### TASK GOAL
Before anything else, drop the pictures; then return exactly the lines from the top of the listing through the line with "Palacio de Martín Muñoz de las Posadas".

### AVAILABLE RECORDS
:::

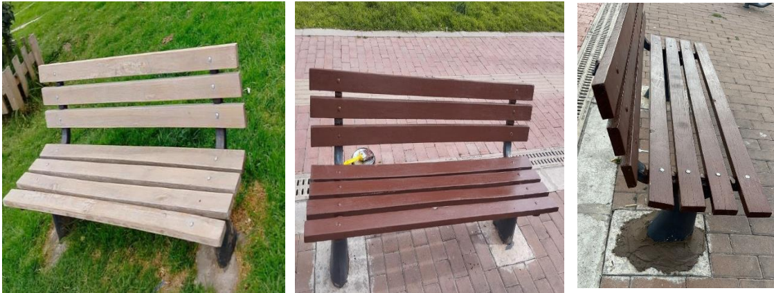
Ilustración 5. Proceso de bancas y sillas.
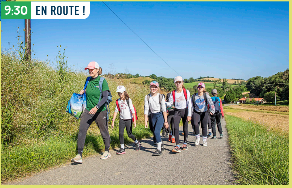
9:30 EN ROUTE !

Quand on fait l'école dehors, les relations avec l'enseignant sont plus décontractées. Les élèves de Montpezat le confirment : ce jour-là, ils aiment encore plus leur maîtresse. Et... si c'était aussi un moyen d'aimer (encore) plus l'école ? 😊
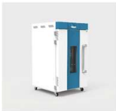
OSK 93TI311-360 側面
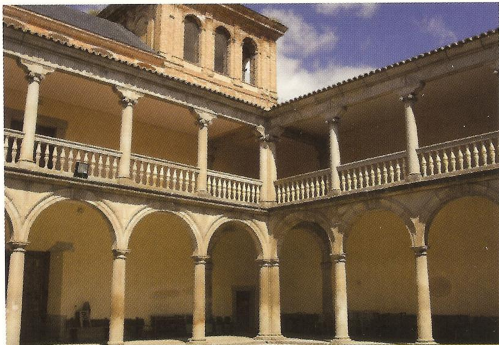
Palacio de Martín Muñoz de las Posadas

1. Martín Muñoz de las Posadas (0 km.) La gran amplitud de la plaza Mayor de Martín Muñoz de las Posadas nos da una idea de la importancia económica que tuvo el pueblo. Tanto es así que en el año 1569 Felipe II, a petición del Cardenal Espinosa, le concedió el derecho a celebrar una Feria Franca, con mercado los lunes y un día de feria anual en septiembre. Aún
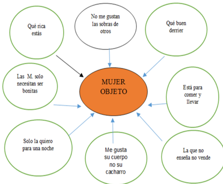
Constelación 1. Expresiones cotidianas – Mujer - objeto

Se siente el rey de la manada, él fija las normas que deben cumplirse, pero para eso va aniquilando poco a poco la autoestima de la mujer, haciéndole creer que no vale nada. Esta es una tarea del día a día, que la va minando. La minimiza con las acciones, con palabras, con golpes y hasta quitándole la vida.
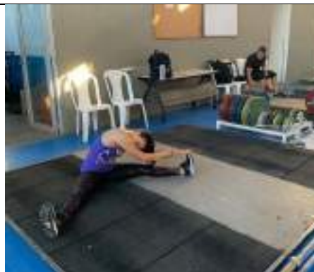
CONCENTRACIÓN NACIONAL LIGA DE PESAS
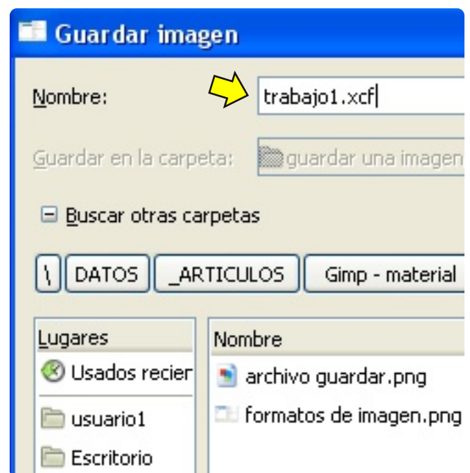
Figura 2. Escribir el nombre del fichero.

Guarda el ejercicio y envíalo al profesor.
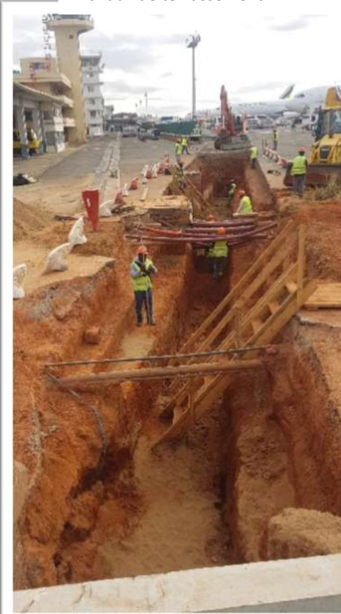
Travaux de terrassement
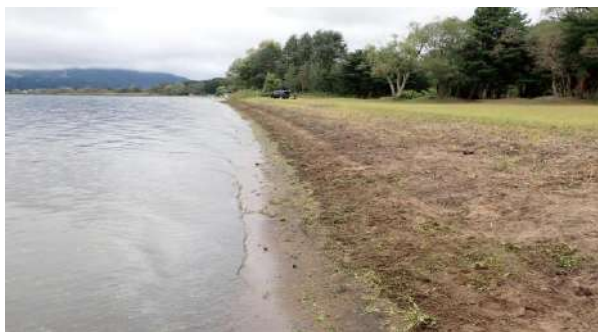
水草回収後、浜辺はこんなにきれいに！(10/20)
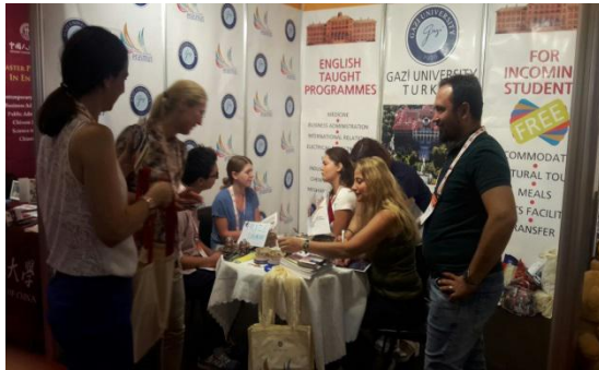
Stockholm University ile yapılan görüşme
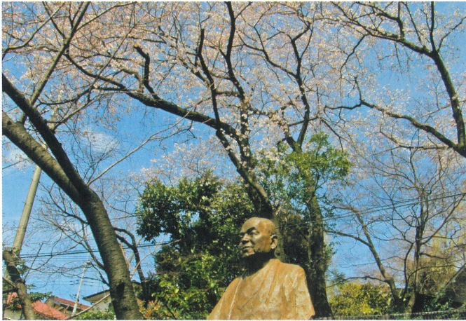
【春】 サクラが満開です

:::

### ANSWER SPACE
Ilustración 5. Proceso de bancas y sillas.
9:30 EN ROUTE !

Quand on fait l'école dehors, les relations avec l'enseignant sont plus décontractées. Les élèves de Montpezat le confirment : ce jour-là, ils aiment encore plus leur maîtresse. Et... si c'était aussi un moyen d'aimer (encore) plus l'école ? 😊
OSK 93TI311-360 側面
Palacio de Martín Muñoz de las Posadas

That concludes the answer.